Is Compound Interest the Most Powerful Force
in the Investment Universe?
Recently, I was discussing compound interest and the best time to start investing with a major league baseball player in his mid-20s who was in the office. He had the insight to understand that he will not be able to play baseball for the rest of his life and was seeking advice about whether he should begin investing for retirement.
Because of the benefit of compound interest, which could be for 40 or more years in his case, I recommended he immediately begin making investments for retirement. Before we explore why compound interest is so important, can you envision a day when all millennials are as responsible about their future finances as this young athlete? Imagine That™!
What Does “Compound Interest” Really Mean?
The technical definition of “compound interest” or “compounding interest“ is interest calculated on the initial principal of a deposit (or loan) and also on the accumulated interest of previous periods. Translated: compound interest is “interest on interest.” Compound interest will make your money grow much faster than if you received interest only on the principal amount, which is called “simple interest.”
Here is a graph which compares simple and compound interest and shows why getting “interest on interest” is so – well – interesting! The initial investment is $500,000 for both accounts with an annual interest rate of 6%.
Simple vs. Compound Interest Chart
The above graph indicates that the simple interest investment earns an additional $30,000 each year ($500,000 x .06) and by year 10, the initial investment of $500,000 has grown to $800,000. The compound interest balance was the same as the simple interest balance in year one, but because it then earned “interest on interest,” it beat the simple interest balance in the remaining years.
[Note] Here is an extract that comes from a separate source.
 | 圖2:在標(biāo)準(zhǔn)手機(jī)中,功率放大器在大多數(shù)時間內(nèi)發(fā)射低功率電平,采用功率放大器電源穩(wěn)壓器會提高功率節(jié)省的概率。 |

By year 10, the compound interest balance was more than $95,000 higher than the simple interest rate balance.
An urban legend is that Dr. Albert Einstein once said
“Compound interest is the most powerful force in the universe. He [or she] who understands it, earns it . . . He [or she] who doesn’t . . . pays it.”
Although Einstein likely did not make this assertion, the sentiment remains true — compound interest is truly an amazing way to increase your savings/investments over time.
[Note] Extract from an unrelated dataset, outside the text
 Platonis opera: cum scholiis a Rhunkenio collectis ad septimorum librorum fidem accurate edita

Why Starting to Invest in Your 20s is one of the Best Things you can Do?
The following example illustrates why beginning to invest in your 20s is so beneficial. Sally invests $5,000 annually from age 25 to 35. In total, she invests $50,000 ($5,000 x 10). Bill, on the other hand, has a 10-year delay in beginning his investing but makes up for the delay by investing until he retires. Bill invests $5,000 annually from age 35 to 65. In total, Bill invests $150,000 ($5,000 x 30).
Assuming an annual return of 7% for Sally and Bill, who comes out with more money at age 65? Would you believe Sally? Even though Sally only invested for 10 years (versus 30 years for Bill), Sally will have significantly more money saved at age 65. At age 65, Sally will have $1.1 million versus Bill’s $602,000, even though Bill invested $100,000 more than Sally did! The only reason for the difference was that Sally invested earlier than Bill did and compound interest worked its wonders on the $50,000 that Sally initially invested.
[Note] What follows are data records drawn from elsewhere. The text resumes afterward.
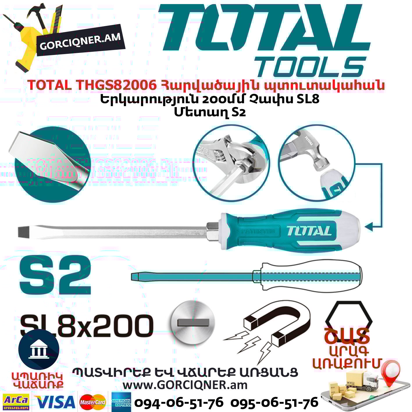 Tua vít dẹp đóng xuyên SL8x200mm hiệu Total THGS82006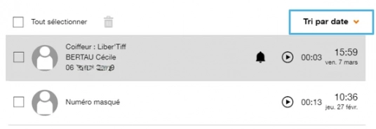 Dès la page d’accueil du site web, vous visualisez la liste des messages vocaux enregistrés sur votre messagerie, le nombre de nouveaux messages et l’état de remplissage de votre messagerie.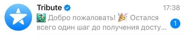Сразу после подачи заявки Вам напишет официальный бот телеграм Tribute

The Importance of Long-Term Investment Goals: Start Investing Now
If you are not in your 20s, investing is even more important for your long-term goals. Unfortunately, many people do not understand the importance of long-term investment goals and the urge to start investing now, not next year. They think that by putting off the investment for another year, they are only losing out on that year’s contribution. They fail to recognize that they also lose a year of compounding interest.
Losing a year of interest on your retirement investments may not sound important but it can amount to an even greater loss than the initial contribution itself. Because of the extraordinary benefit of compound interest, waiting one year may make a difference of tens of thousands of dollars in accumulation in certain cases … just waiting a single year!
If your goal is to have $1 million saved by age 65, assuming a 6% annual return, here are the monthly amounts you need to begin investing:
Age: Monthly Investment Amount
As the table above indicates, the longer you put off investing, the more you will have to invest each month to “catch up.” The largest increase in monthly investment amount occurs between ages 55 and 60; you will need to invest an extra $8,200 each month at age 60, as compared to age 55, because the compound interest effect will have a very small window of, at maximum, only 5 years to operate.
Conclusion: When is the Best Time to Start Investing?
So, when is the best time to start investing? Right now! And, the amount you begin setting aside is not as important as beginning the habit of routinely investing something. It develops a “positive addiction” – that is, you get “hooked” on something that is good for you! Start putting money away now! Create that positive addiction towards accumulating money for “future delivery.”
Can you imagine if everyone began investing money in their twenties to get the most benefit from the effect of compounding interest? Instead of the stress that so many Americans feel about retirement, they would have to find something else to worry about!